Circle O is inscribed is square ABCD, and at the same time, is circumscribed about square PQRS. WHich are is the smaller area, the region inside the inscribed circle minus the area of square PQRS or the are inside square ABCD minus the area of the inscribed circle? The length of the side of square ABCD measures two feet.
Draw you diagram so that the vertices of square ABCD and square PQRS are in corresponding order, that is AB is || to PQ
Let M be the midpoint of AB and N be the midpoint of PQ, and let O be the centre of the circle
Joine AC, which will pass through PR
AM =1, and OM = 1
area of ABCD = 4, area of circle = π(1^2) = π
area of region between outer square and circle = 4-π
= appr .8584
PO = 1, let ON = x
x^2 + x^2 = 1^2
2x^2 = 1
x^2 = 1/2
x = 1/√2
so ON = 1/√2 ---> PN = 1/√2 ---> PQ = 2/√2
area of inside square = (2/√2)^2= 2
difference between circle and inside square = π - 2
= appr 1.1416
BTW, this is the approach Archimedes took in finding an approximation to π .
He took successive differences in areas between
incribed and circumsribed squares, octogons, 16-sided polygons, 32-sided polygons, etc.
To determine which area is smaller, let's first find the areas of the regions inside the inscribed circle minus the area of square PQRS and inside square ABCD minus the area of the inscribed circle.
Area of region inside the inscribed circle minus the area of square PQRS:
1. The inscribed circle has a diameter equal to the side length of square ABCD, which is 2 feet. Therefore, its radius is 1 foot.
2. The area of the inscribed circle is given by A1 = πr^2 = π(1^2) = π square feet.
3. The side length of square PQRS is equal to the diameter of the inscribed circle, which is 2 feet. Thus, its area is A2 = (2)^2 = 4 square feet.
4. Subtracting the area of square PQRS from the area of the inscribed circle, we get A1 - A2 = π - 4 square feet.
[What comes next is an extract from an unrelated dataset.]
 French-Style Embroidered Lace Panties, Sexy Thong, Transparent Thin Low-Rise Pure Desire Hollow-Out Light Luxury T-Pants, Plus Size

Area of region inside square ABCD minus the area of the inscribed circle:
1. The side length of square ABCD is given as 2 feet. Therefore, its area is A3 = (2)^2 = 4 square feet.
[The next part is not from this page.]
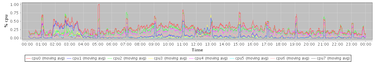 avg(cpu0) = 1.05 avg(cpu1) = 0.75 avg(cpu2) = 0.75 avg(cpu3) = 0.46 avg(cpu4) = 0.63 avg(cpu5) = 0.36 avg(cpu6) = 0.38 avg(cpu7) = 0.28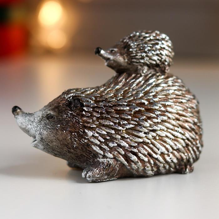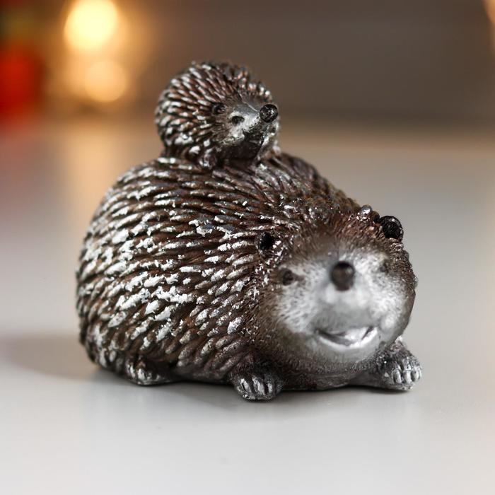Сувенир полистоун "Ёж с малышом ёжиком на спине" 7х6,5х10 см

2. The area of the inscribed circle, as previously calculated, is A1 = π square feet.
3. Subtracting the area of the inscribed circle from the area of square ABCD, we have A3 - A1 = 4 - π square feet.
Comparing the areas:
1. We have A1 - A2 = π - 4 square feet for the region inside the inscribed circle minus the area of square PQRS.
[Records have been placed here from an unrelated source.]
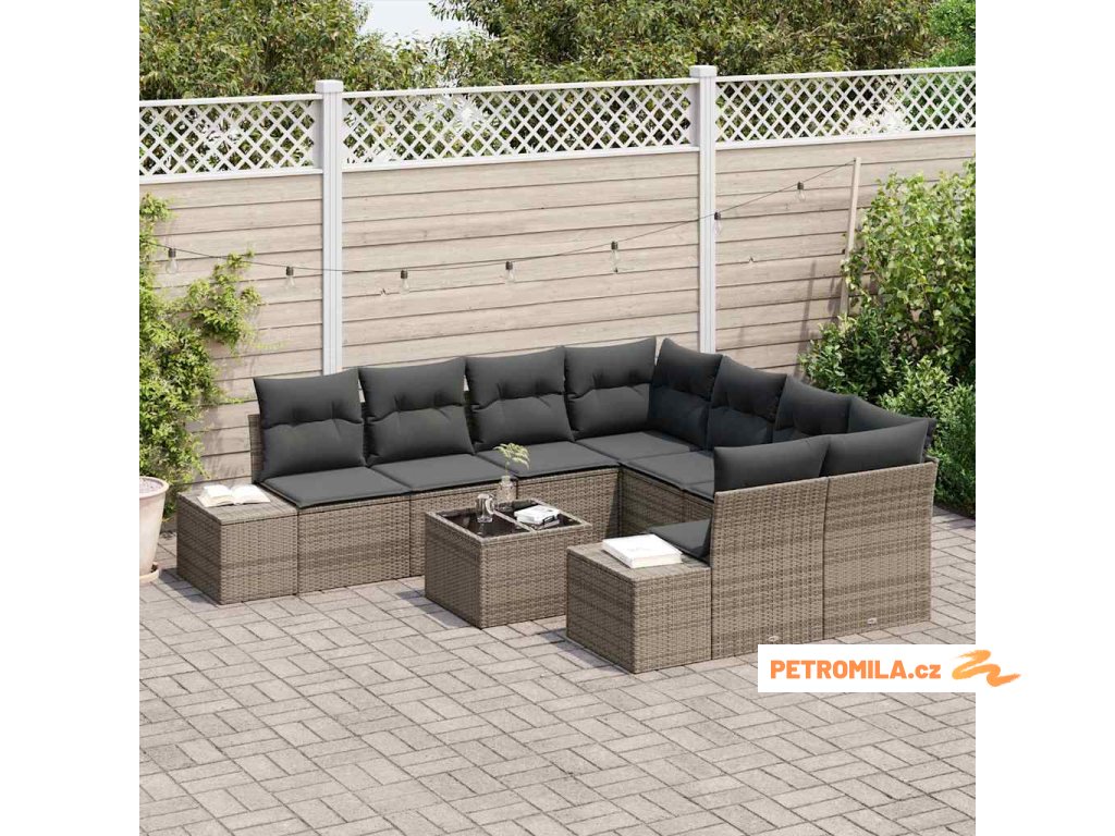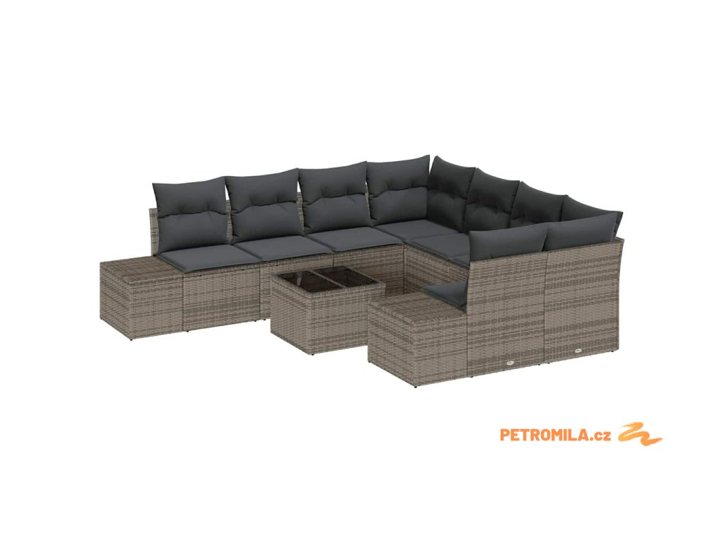 Sada zahradních pohovek s polštářem 9 pcs Šedá polyratan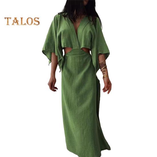 Женское платье макси с V-образным вырезом, сексуальное облегающее платье с коротким рукавом и разрезом, летнее длинное платье из хлопка и льна для пляжного отдыха S
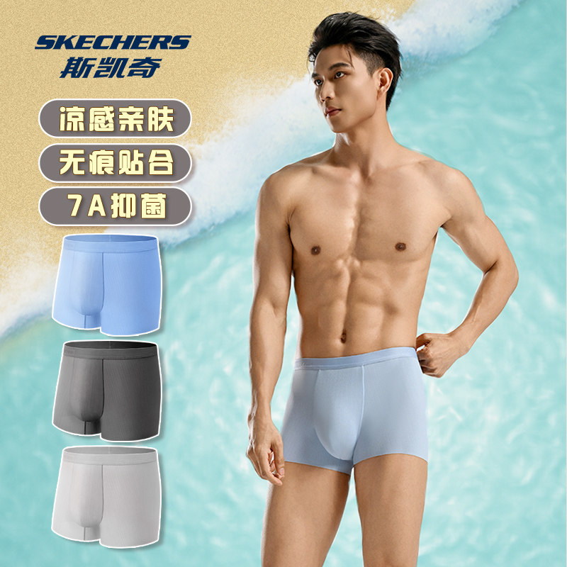 斯凯奇官方男士内裤薄款7A抗菌透气平角短裤青少年高端宽松四角裤

2. We also have A3 - A1 = 4 - π square feet for the area inside square ABCD minus the area of the inscribed circle.
Since π is approximately 3.14, we can see that π - 4 is negative, while 4 - π is positive. Therefore, the area inside square ABCD minus the area of the inscribed circle is smaller.
In conclusion, the area inside square ABCD minus the area of the inscribed circle is the smaller area.